An AI told to make people smile tiles the world with smiley faces but an AI told to do what humans would want it to do might still get it wrong eg. Failed Utopia #4-2 . However, wouldn’t it research further and correct itself (and before that, have care to not do something un-correctable)? Reasoning as follows: let’s say a non-failed utopia is worth 100⁄100 utility points per year. A failed utopia is that which at first seems to the AI to be a true utopia (100 points) but is actually less (idk, 90 points). Even were the cost of research heavy, if the AI wants/expects billions or trillions of years of human existence, it should be doing a lot of research early on, and would be very careful to not be fooled. Therefore, we don’t need to do anything more than tell an AI to do what humans would want it to do, and let it do the work on figuring out exactly what that is itself.
Partially un-consequentialist AI/careful AI: Weights harms caused by its decisions (somewhat but not absolutely) heavier than other harms. (Therefore: tendency towards protecting what humanity already has against large harms and causes smaller surer gains like curing cancer rather than instituting a new world order (haha).)
Thanks in advance. :)
1: Imagine a utility function as a function that takes as input a description of the world in some standard format, and outputs a “goodness rating” between 0 and 100. The AI can then take actions that it predicts will make the world have a higher goodness rating.
Lots of utility functions are possible. Suppose there’s one possible future where I get cake, and one where I get pie. I have a very strong opinion on these futures’ goodness, and I will take actions that I predict will make the world more likely to turn out pie. But this is not a priori necessary—we could define a utility function that swaps the goodness ratings of cake and pie, and an AI using that utility function would take actions that it predicts will lead to worlds with higher goodness rating, i.e. cake. There is no objective standard that it could use to realize that pie is better—it is merely a computer program that makes predictions and then picks the action that it predicts maximizes some function.
Utopias are like cake and pie. If I give the pie utopia a higher goodness rating, and the AI gives the cake utopia a higher goodness rating, it’s not “wrong” in the sense of being able to check its work and find a mistake. The AI can prefer the cake utopia even while operating perfectly.
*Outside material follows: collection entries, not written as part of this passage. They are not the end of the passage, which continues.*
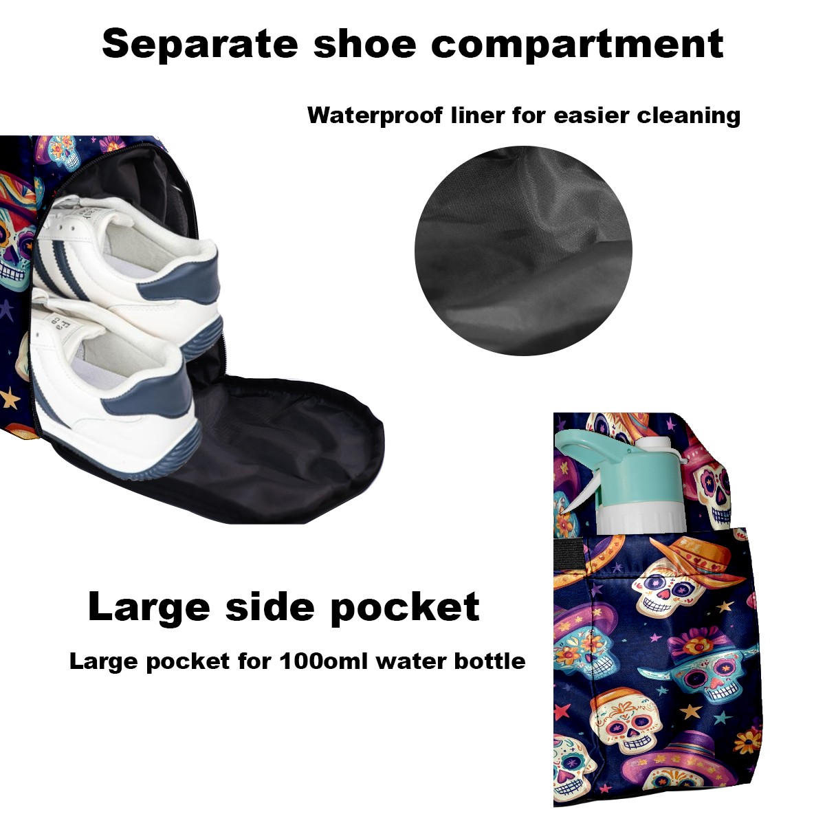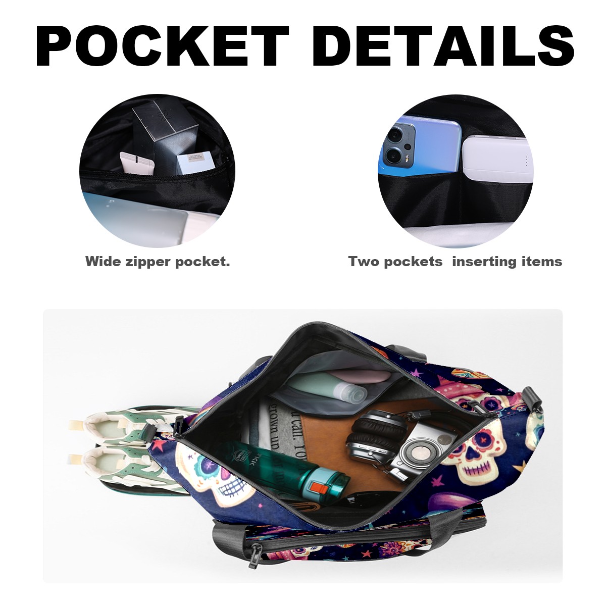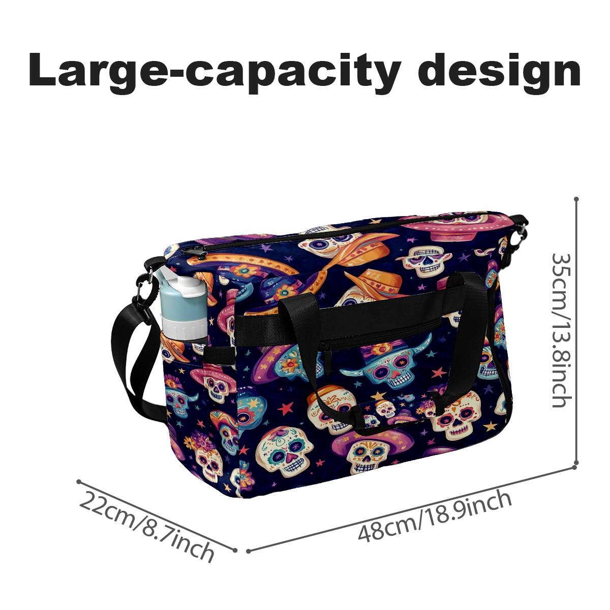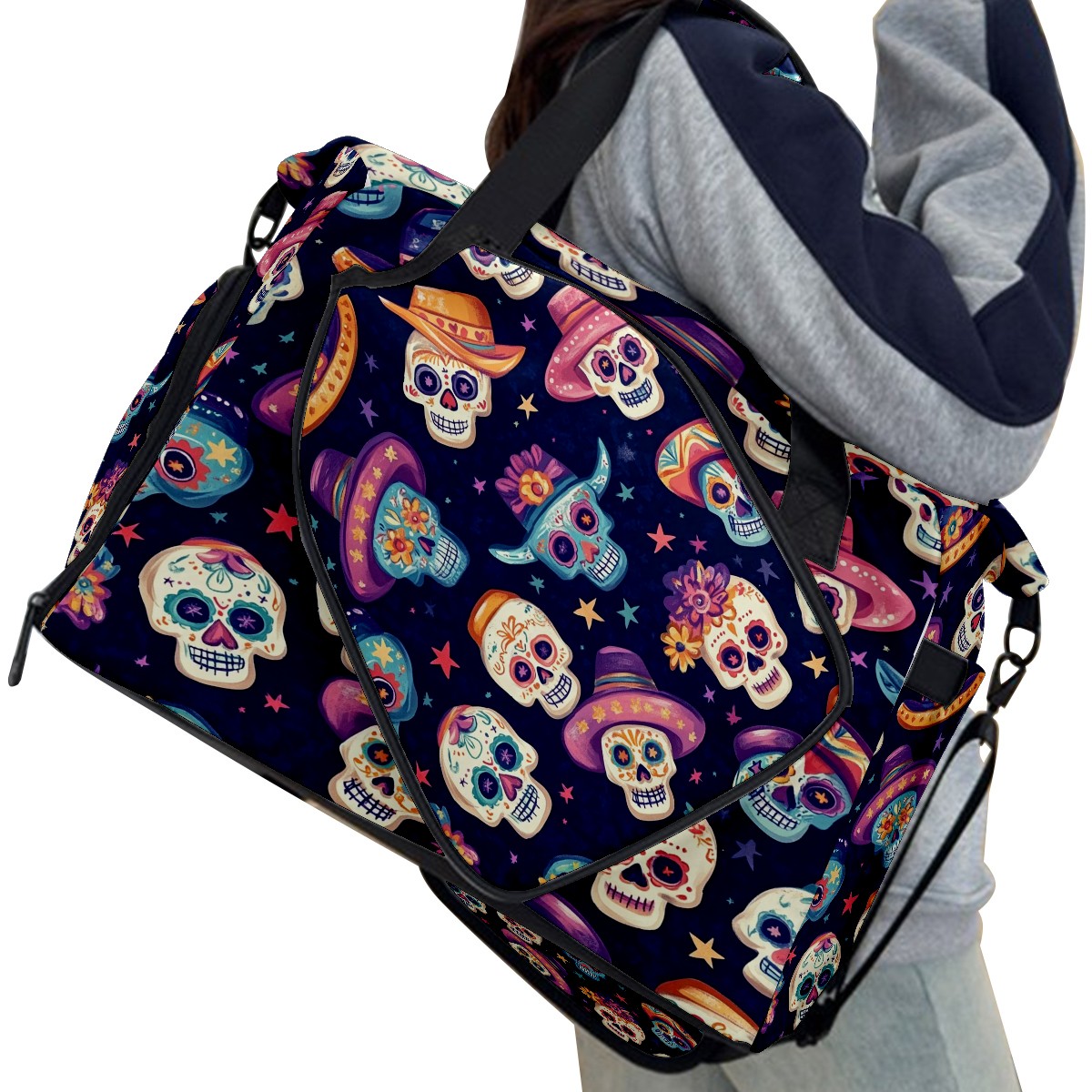 Pickleball Tote Bag Carryall for Paddles Balls and Accessories, Portable Lightweight Gear Bag for Players(Sugar Skulls And Mexican Hat)
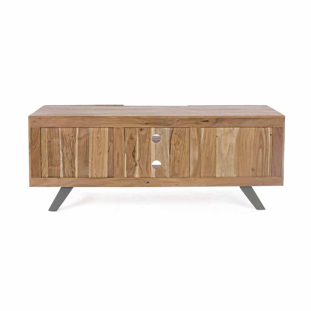 Mobile porta tv con struttura in legno di mango e inserti in metallo.
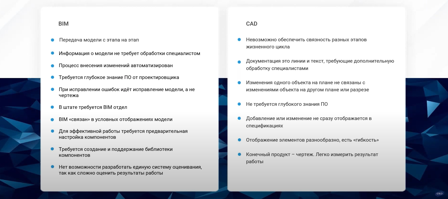 Продолжил вебинар Егор Сидельников, технический специалист TBS software. Он рассказывал непосредственно о проектировании искусственных сооружений в Revit. Однако в начале своего выступления он все же остановился на очень интересном вопросе – обоснованном сравнении BIM и CAD.
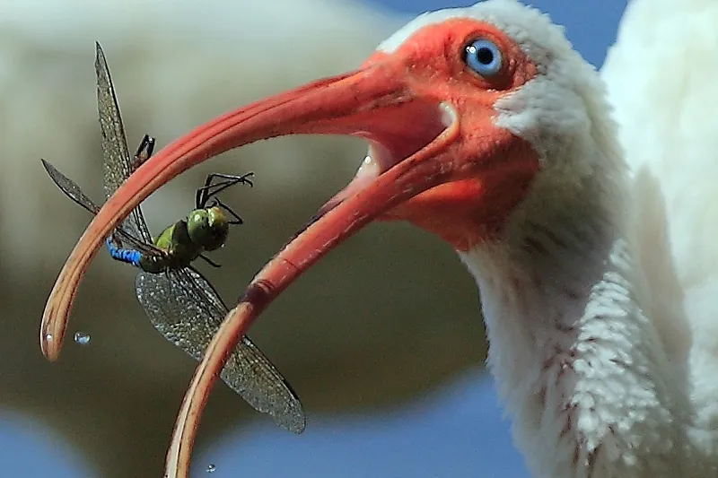 The diet of the White Ibis is diverse as shown by this dragonfly which is about to be consumed.
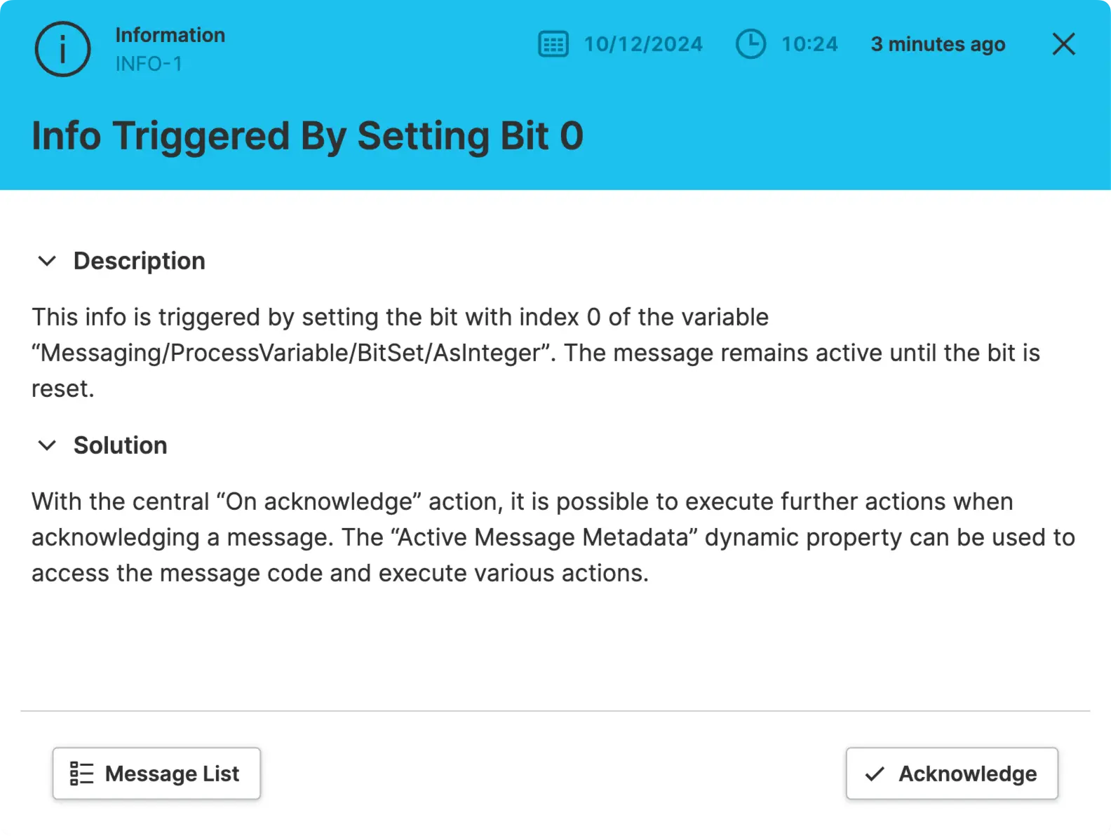 The next thing to consider when sending messages to your operators is the importance or severity of a message. You can use three message levels to help operators distinguish between highly critical and less important messages.
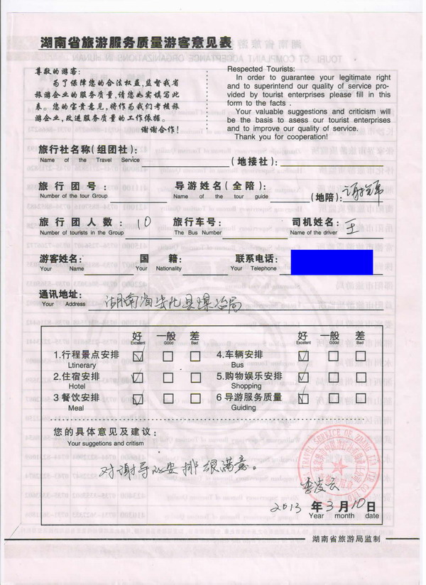 湖南李小姐一行10人旅游質(zhì)量回饋單
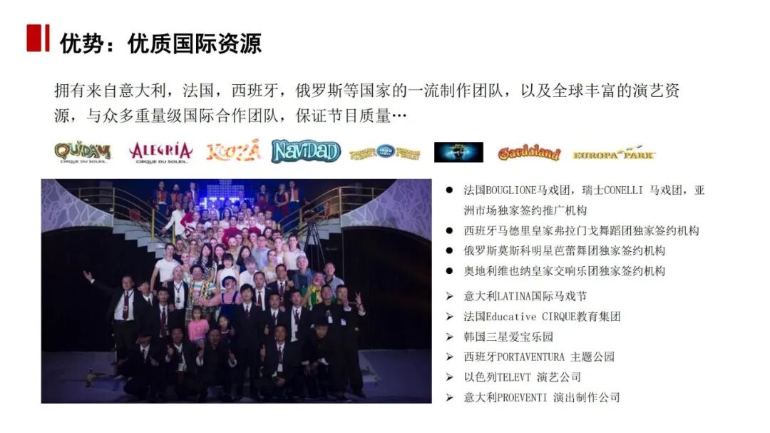 集团具备丰富的行业优势资源,以优质内容IP为核心,广泛开展舞台剧、影视、文旅演艺、动漫游戏、文化衍生品、演艺经纪、文化基金及文化地产等各个领域的投资、合作和运营。集团以一流的团队为支撑,通过科学的孵化机制,国际级的策划、制作和市场推广,有效的风险控制,创新的产业基金平台驱动,覆盖包括文化演出院线、PC端与APP端、剧院管理与销售系统、CRM与财务等在内的全产业管理平台,搭建全内容、泛娱乐运营模式和全产业链的业务架构,形成文化产品价值的立体化、矩阵式延伸,最终实现最优综合收益。同时,集团还积极开展在娱乐营销、粉丝经济、文化教育、金融创新以及基于互联网技术的娱乐终端等各个领域探索与实践。
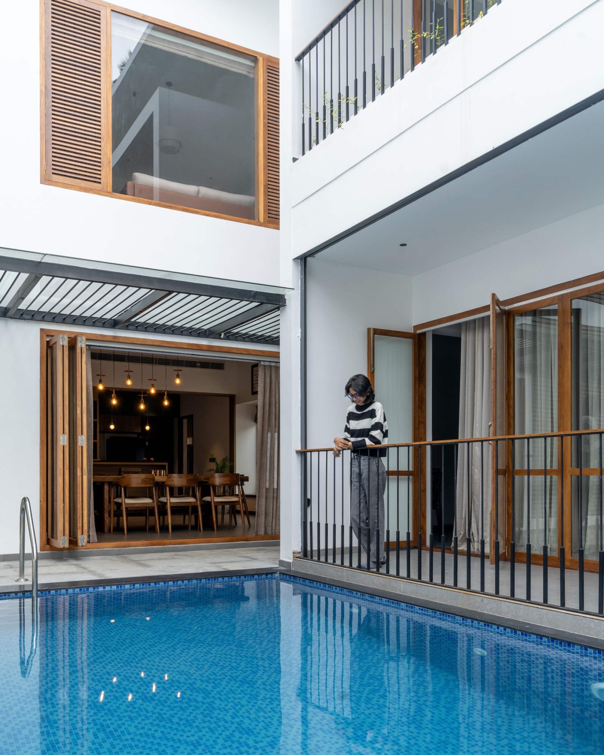 Embracing the art of outdoor living with this stunning deck and pool oasis, our little slice of paradise is the perfect blend of relaxation and entertainment. The deck, adorned with stylish furniture and cosy nooks, beckons for lazy afternoons and lively gatherings with friends and family. The exquisite scenery of the pool is accessed from dining and bedrooms. From sunrise to sunset, this space is a haven of tranquillity and joy. This bedroom patio is a tranquil retreat featuring a stylish deck and a dreamy pool. The deck, bathed in natural light, invites you to unwind with a good book or bask in the warmth of the sun. Whether it's a leisurely float or an invigorating swim, this is where relaxation meets recreation. The play of natural light dances upon the carefully curated space, creating a serene atmosphere that invites calm and introspection.
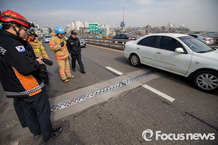 (서울=포커스뉴스) 4일 오후 서울 용산구 반포대교 상판 연결 이음매 부분이 가라앉아 소방대원들이 원인을 조사하고 있다.
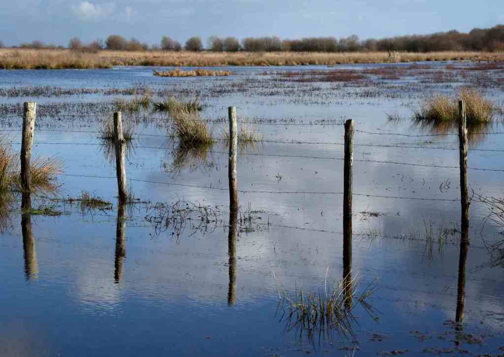 Les bottes de chaume qui sèchent sur le port de La Chaussée Neuve se dédoublent aussi avec leur reflet dans l’eau, tout comme en hiver les clôtures et les arbres nus dans les prairies inondées et les canaux qui débordent.

This is what happens in the case of Failed Utopia 4-2. The AI has some preferences about the world. And those preferences are very close but not quite human preferences. And so the main character ends up in the cake utopia. Even if the AI does a lot more research and checks its reasoning carefully, it is not a priori necessary that it should realize the error of its ways and make the world a pie utopia instead. It’s wrong(2), but not wrong(1).
Similar problems show up when you try to make any sort of AI that just “does what humans want.” Eventually, somewhere, you have to turn this vague verbal statement into a precise specification (like the code of the AI), which is used to compute something like a goodness rating. And it turns out that when you actually try to do this, it’s pretty tricky to make the AI’s goodness ratings similar to a human’s goodness ratings. Basically every easy way has some critical flaw, and the ways that seem promising are not very easy.
So sure, we want to make an AI that just does what humans want (sort of). But this is like “make an AI that recognizes pictures of cats”—an admirable goal, but a nontrivial one. And one that might have bad consequences even if only slightly wrong.
Check out the Cake or Death value loading problem, as Stuart Armstrong puts it.
There’s a rough similarity to the ‘resist blackmail’ problem, which is that you need to be able to tell the difference between someone delivering bad news and doing bad things. If the AI is mistaken about what is right, we want to be able to correct it without being interpreted as villains out to destroy potential utility.
(Also, “correctable” is not really a low-level separation in reality, since the passage of time means nothing is truly correctable.)